BEGIN Dataset extract
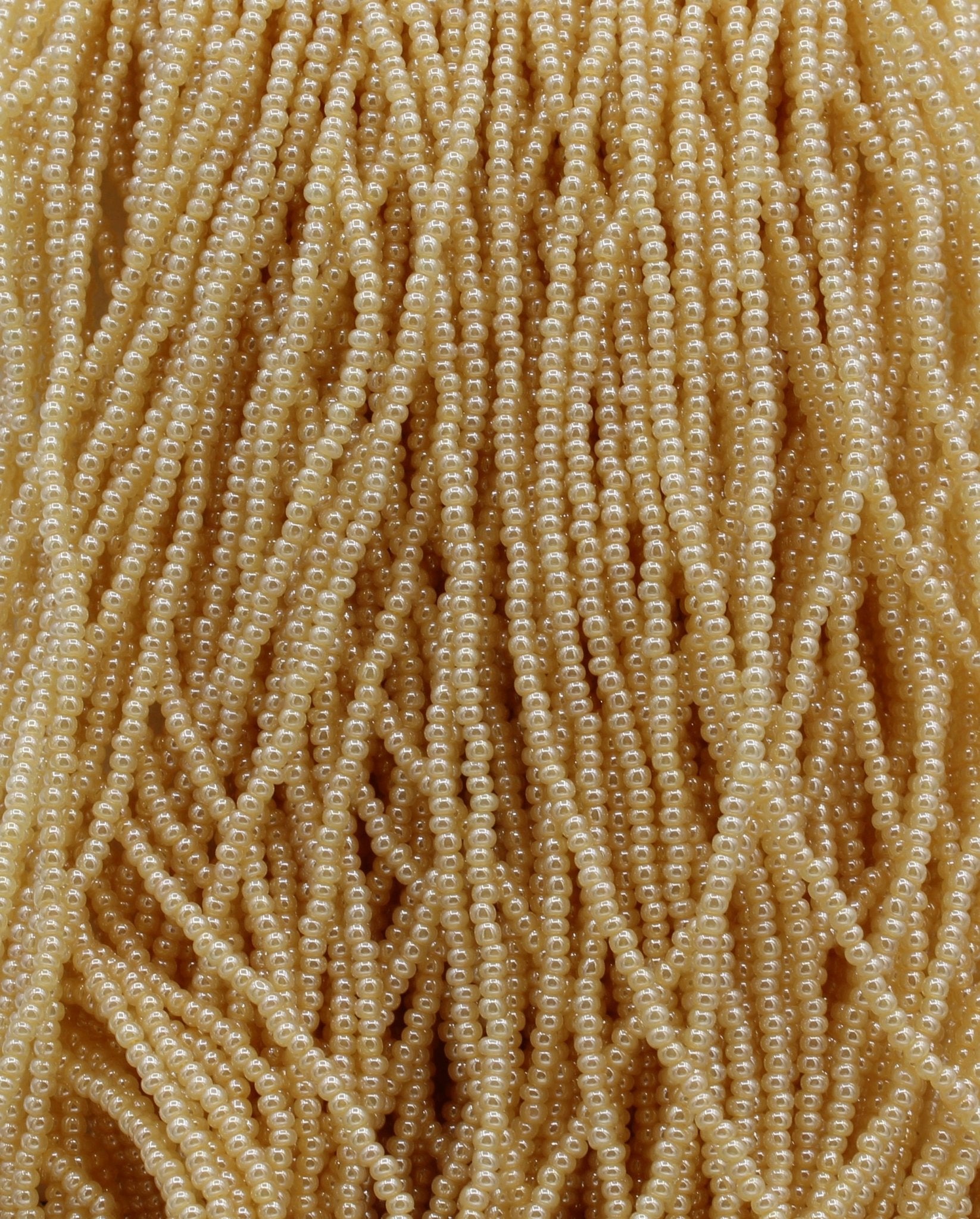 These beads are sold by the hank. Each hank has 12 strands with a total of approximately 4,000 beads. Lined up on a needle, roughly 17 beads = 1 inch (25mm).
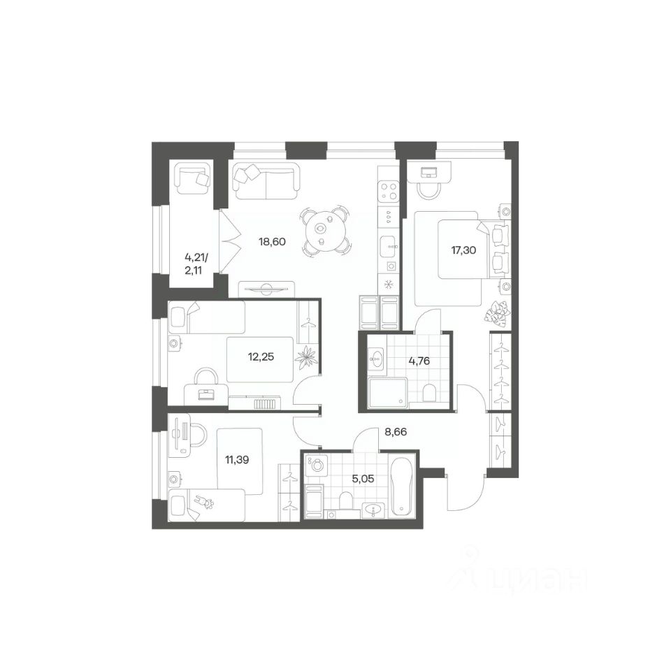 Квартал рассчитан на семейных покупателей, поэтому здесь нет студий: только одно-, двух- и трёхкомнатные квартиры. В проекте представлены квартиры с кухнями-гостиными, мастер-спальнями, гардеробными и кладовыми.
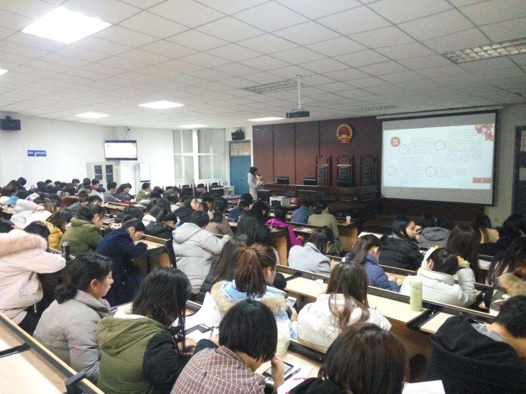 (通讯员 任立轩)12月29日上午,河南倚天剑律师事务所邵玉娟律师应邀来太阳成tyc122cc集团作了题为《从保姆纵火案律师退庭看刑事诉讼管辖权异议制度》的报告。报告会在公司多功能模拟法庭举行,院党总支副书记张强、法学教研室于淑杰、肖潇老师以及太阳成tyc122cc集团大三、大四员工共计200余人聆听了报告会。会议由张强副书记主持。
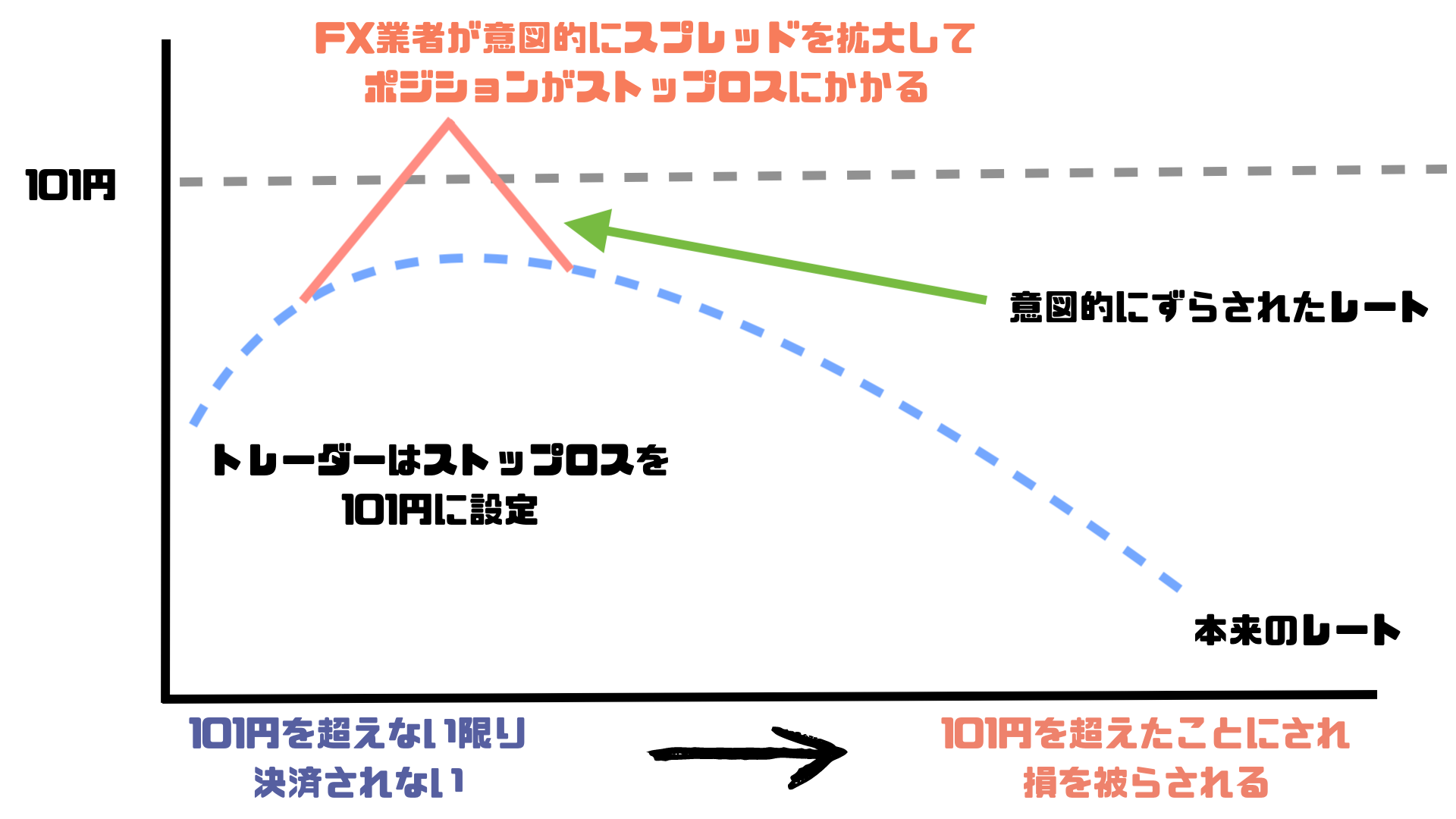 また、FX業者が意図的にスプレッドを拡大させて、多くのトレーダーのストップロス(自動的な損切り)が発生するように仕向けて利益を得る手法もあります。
END Dataset extract
◆ Task prompt
Give back the material above exactly as it appears, minus any picture.

◆ Result below
 These beads are sold by the hank. Each hank has 12 strands with a total of approximately 4,000 beads. Lined up on a needle, roughly 17 beads = 1 inch (25mm).
 Квартал рассчитан на семейных покупателей, поэтому здесь нет студий: только одно-, двух- и трёхкомнатные квартиры. В проекте представлены квартиры с кухнями-гостиными, мастер-спальнями, гардеробными и кладовыми.
 (通讯员 任立轩)12月29日上午,河南倚天剑律师事务所邵玉娟律师应邀来太阳成tyc122cc集团作了题为《从保姆纵火案律师退庭看刑事诉讼管辖权异议制度》的报告。报告会在公司多功能模拟法庭举行,院党总支副书记张强、法学教研室于淑杰、肖潇老师以及太阳成tyc122cc集团大三、大四员工共计200余人聆听了报告会。会议由张强副书记主持。
 また、FX業者が意図的にスプレッドを拡大させて、多くのトレーダーのストップロス(自動的な損切り)が発生するように仕向けて利益を得る手法もあります。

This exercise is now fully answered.